#### Task description:
In the material below, begin at the line that has "The fabric used", stop after the line that has "4) 27/8* 1 1/3= 27/8*", and transcribe those lines exactly, without pictures.

BEGIN

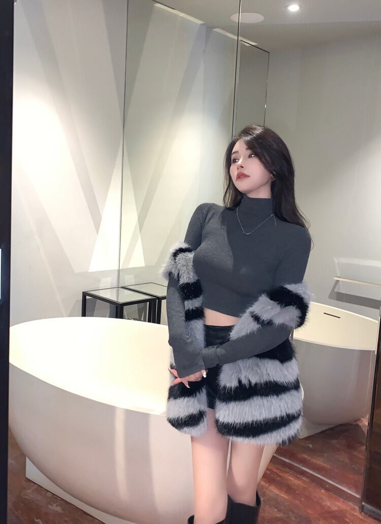 魅力的なシマウマ柄が印象的な、ミディアム丈のもこもこアウターコート。
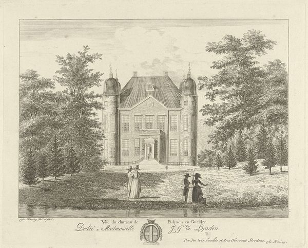 Curator: Currier and Ives' "Sunnyside," dating back to 1860, offers a fascinating glimpse into 19th-century American landscape art through the lens of watercolor. Editor: Wow, it has such a fairytale quality. I feel like any moment a princess will peek out of one of those ivy-covered windows. There's an almost dreamy peacefulness to it, doesn't it strike you that way? Curator: Indeed. Observe how the composition meticulously arranges natural and architectural elements, establishing a carefully calibrated interplay between form and space. Note the subtle gradation in the atmospheric perspective. Editor: It makes you wanna kick off your shoes and just wander down that path, doesn't it? Even the way the light filters through those trees on the left feels...inviting, like it is saying: "come sit with me here for a while." Curator: It’s a study in contrasting textures and lines. We have the organic fluidity of the foliage juxtaposed with the geometric precision of the manor. Semiotically, this tension reflects humanity’s complex negotiation with nature, attempting control and harmony simultaneously. Editor: True! Although I love how the whole thing isn’t too precise; the artist kind of blurs the lines… giving everything a softened, idealized edge. It almost shields you from reality… if only for a brief, artistic moment. Curator: That effect stems, in part, from the choice of watercolor—its transparency and blending capabilities serve to unify the disparate components into a cohesive visual narrative. Editor: Yeah! This one whispers… not shouts. Thanks for spotlighting it for us, I am glad we got to wander into its world for a bit. Curator: The interplay of structural rigor and emotive representation offers a fertile space for further interpretations and sustained art historical discourse.
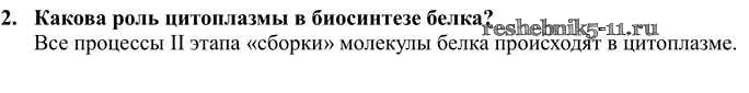 Готовая домашняя работа с ответами по Биологии за 9 класс Пономарева, Корнилова, Чернова Учебник Вентана-граф 2019 ФГОС - §10. Биосинтез белка в клетке 2
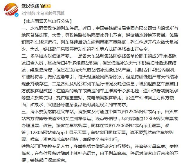 武汉铁路:冰冻雨雪致多趟列车停运,不要贸然前往火车站
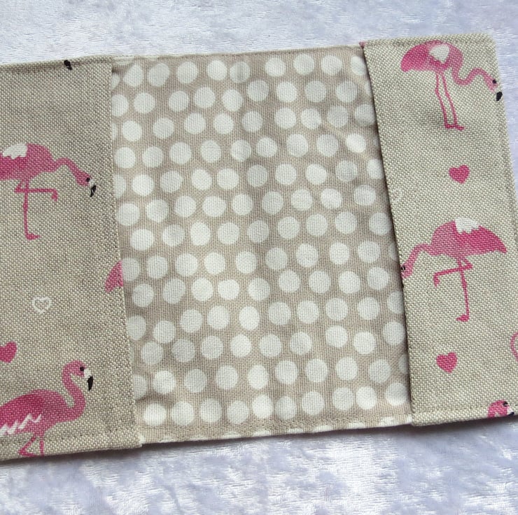 The fabric used is a medium weight cotton fabric, with a flamingo design.
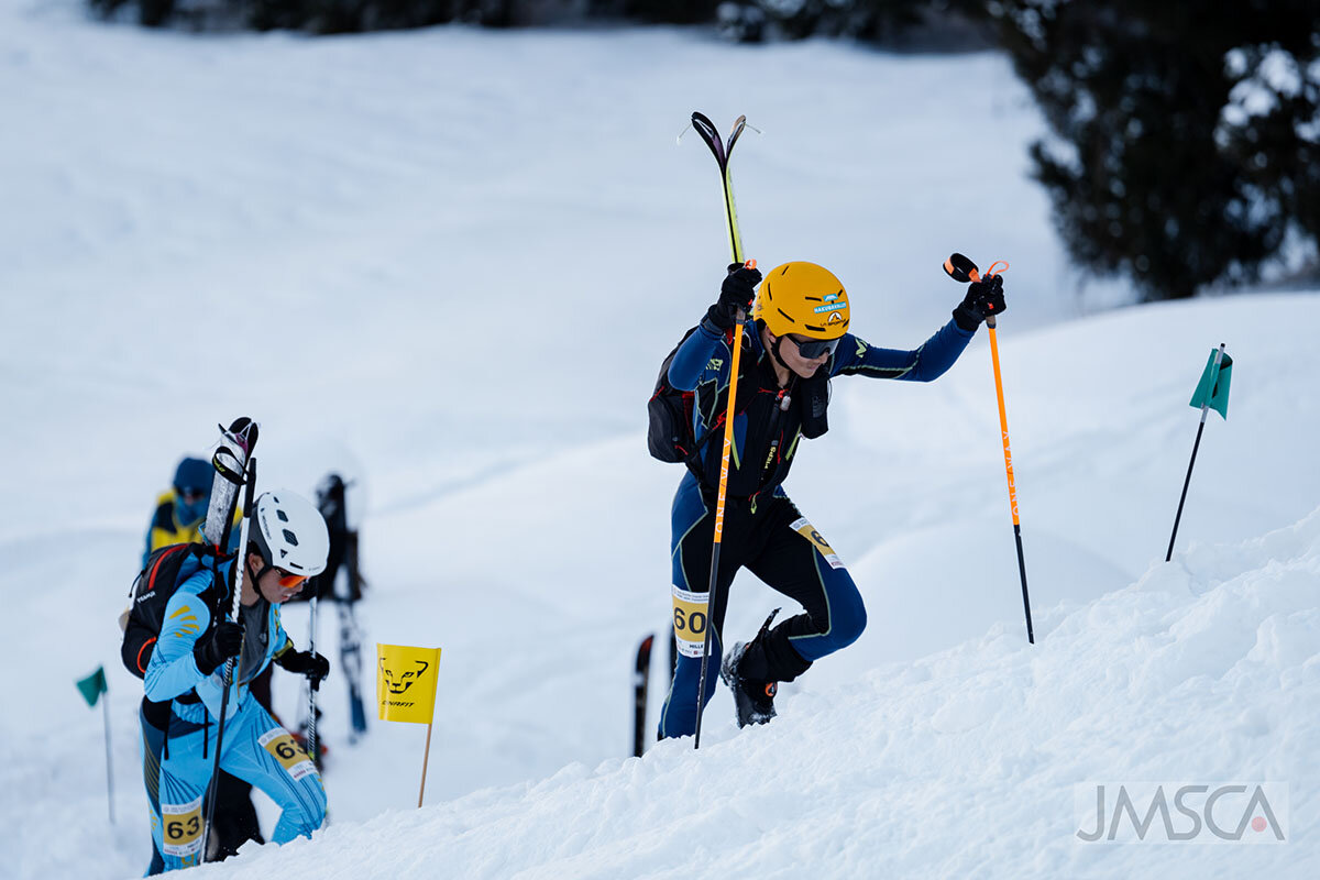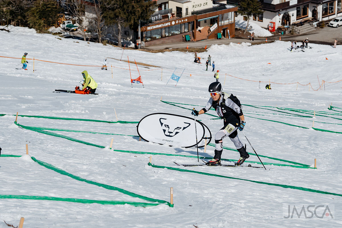 コースにはスキー+クライミングスキンでの登り、ブーツでの登り、スキーでの滑走といったSKIMOの基本的なセクションが含まれ、用具の付け外しをおこなうトランジットエリアでの作業の素早さが重要な見どころとなります。
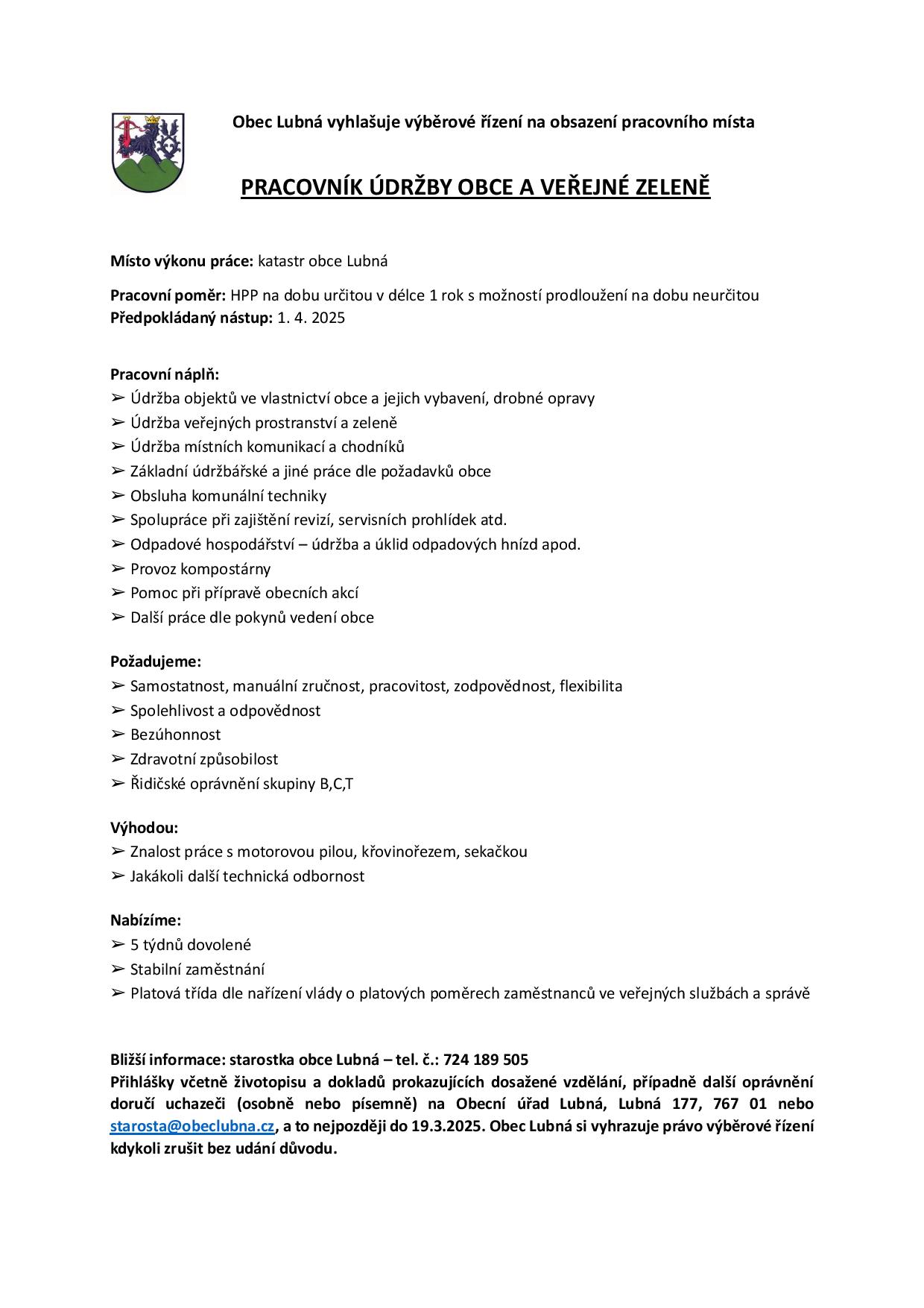 VÝBĚROVÉ ŘÍZENÍ – PRACOVNÍK ÚDRŽBY OBCE A VEŘEJNÉ ZELENĚ Obec Lubná / Aktuality / Výběrové řízení – pracovník obce
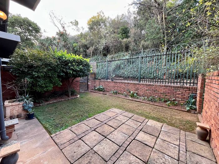 The open-plan dining and living area leads out to a covered patio with a built-in braai and louvre deck, overlooking a small garden.
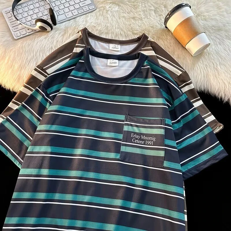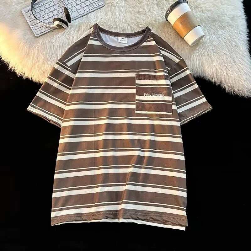 AIDASE - Men's Contrasting Striped T-shirt Japanese Retro Male Short Sleeved Summer Loose Casual Round Neck Pullover
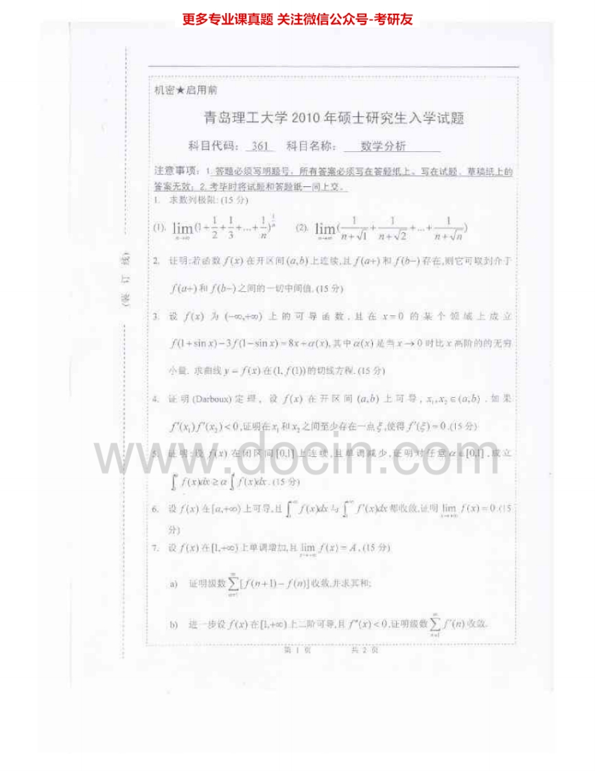 青岛理工大学601数学分析2009-2015考研真题汇编.Image.Marked猴哥6个月前发布关注私信2.44MB12页08433青岛理工大学601数学分析2009-2015考研真题汇编.Image.Marked此内容为免费资源,请登录后查看¥0 登录查看免费资源 第1页 / 共12页 第2页 / 共12页 第3页 / 共12页 该文档为免费文档,您可直接下载完整版进行阅读 © 版权声明文章版权归作者所有,未经允许请勿转载。THE END考研专业课 喜欢就支持一下吧点赞33赞赏 分享QQ空间微博QQ好友海报分享复制链接收藏
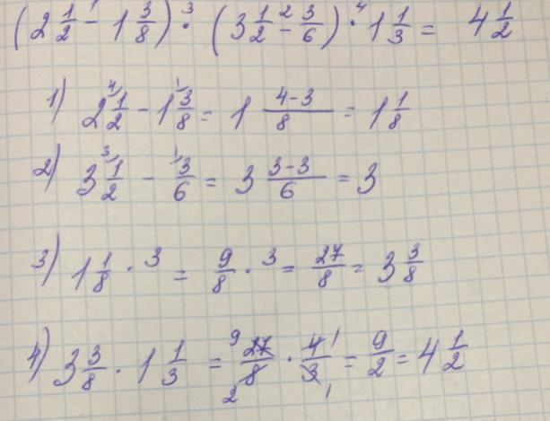 4) 27/8* 1 1/3= 27/8* 4/3= 9/2 *1/1= 9/2 = 4 1/2
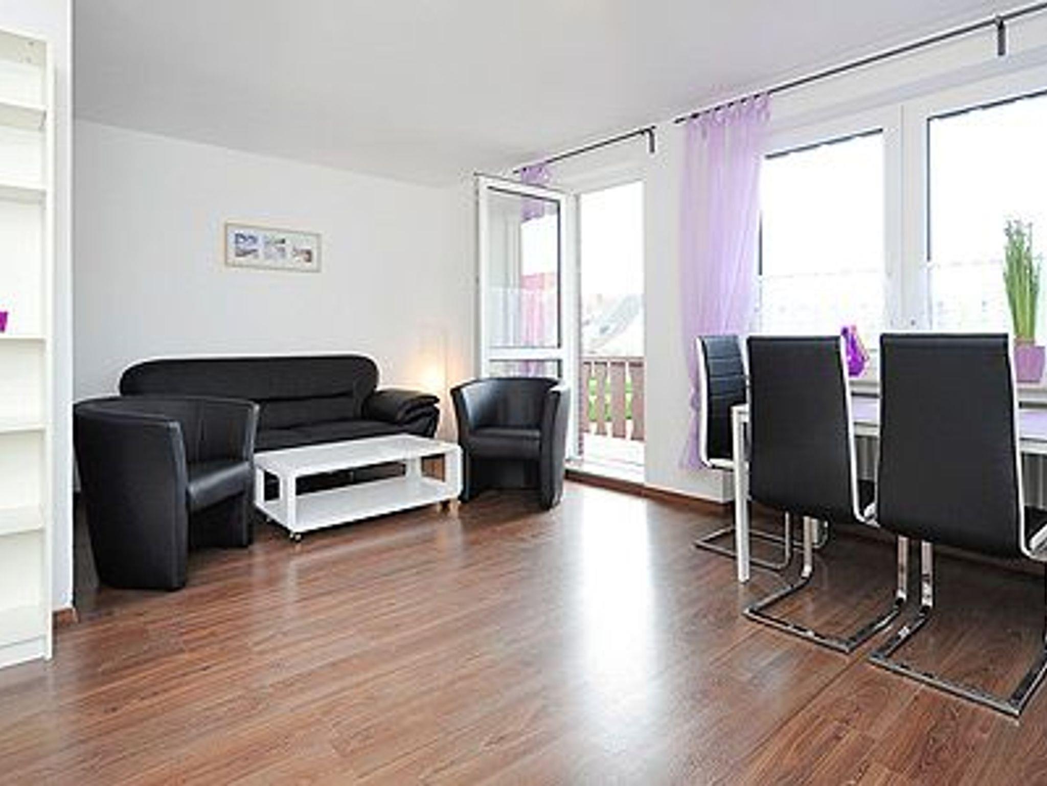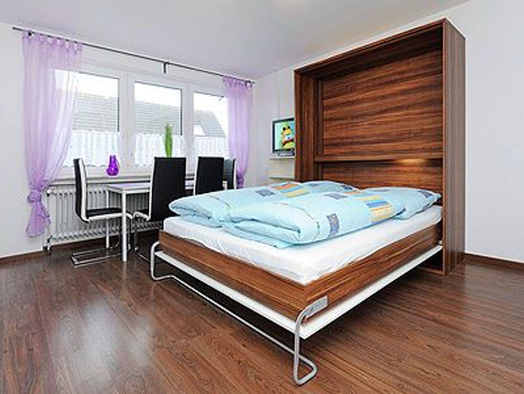 Größe ca. 42 Quadratmeter, Wohn- und Schlafraum mit integriertem Küchenbereich, zweites separates Schlafzimmer/Kinderzimmer, Badezimmer mit Dusche, Waschtisch und WC, Obergeschoss, Balkon, Internetzugang über WLAN möglich, optimal für 2 bis 4 Personen.

END

#### Exercise output:
 The fabric used is a medium weight cotton fabric, with a flamingo design.
 コースにはスキー+クライミングスキンでの登り、ブーツでの登り、スキーでの滑走といったSKIMOの基本的なセクションが含まれ、用具の付け外しをおこなうトランジットエリアでの作業の素早さが重要な見どころとなります。
 VÝBĚROVÉ ŘÍZENÍ – PRACOVNÍK ÚDRŽBY OBCE A VEŘEJNÉ ZELENĚ Obec Lubná / Aktuality / Výběrové řízení – pracovník obce
 The open-plan dining and living area leads out to a covered patio with a built-in braai and louvre deck, overlooking a small garden.
 AIDASE - Men's Contrasting Striped T-shirt Japanese Retro Male Short Sleeved Summer Loose Casual Round Neck Pullover
 青岛理工大学601数学分析2009-2015考研真题汇编.Image.Marked猴哥6个月前发布关注私信2.44MB12页08433青岛理工大学601数学分析2009-2015考研真题汇编.Image.Marked此内容为免费资源,请登录后查看¥0 登录查看免费资源 第1页 / 共12页 第2页 / 共12页 第3页 / 共12页 该文档为免费文档,您可直接下载完整版进行阅读 © 版权声明文章版权归作者所有,未经允许请勿转载。THE END考研专业课 喜欢就支持一下吧点赞33赞赏 分享QQ空间微博QQ好友海报分享复制链接收藏
 4) 27/8* 1 1/3= 27/8* 4/3= 9/2 *1/1= 9/2 = 4 1/2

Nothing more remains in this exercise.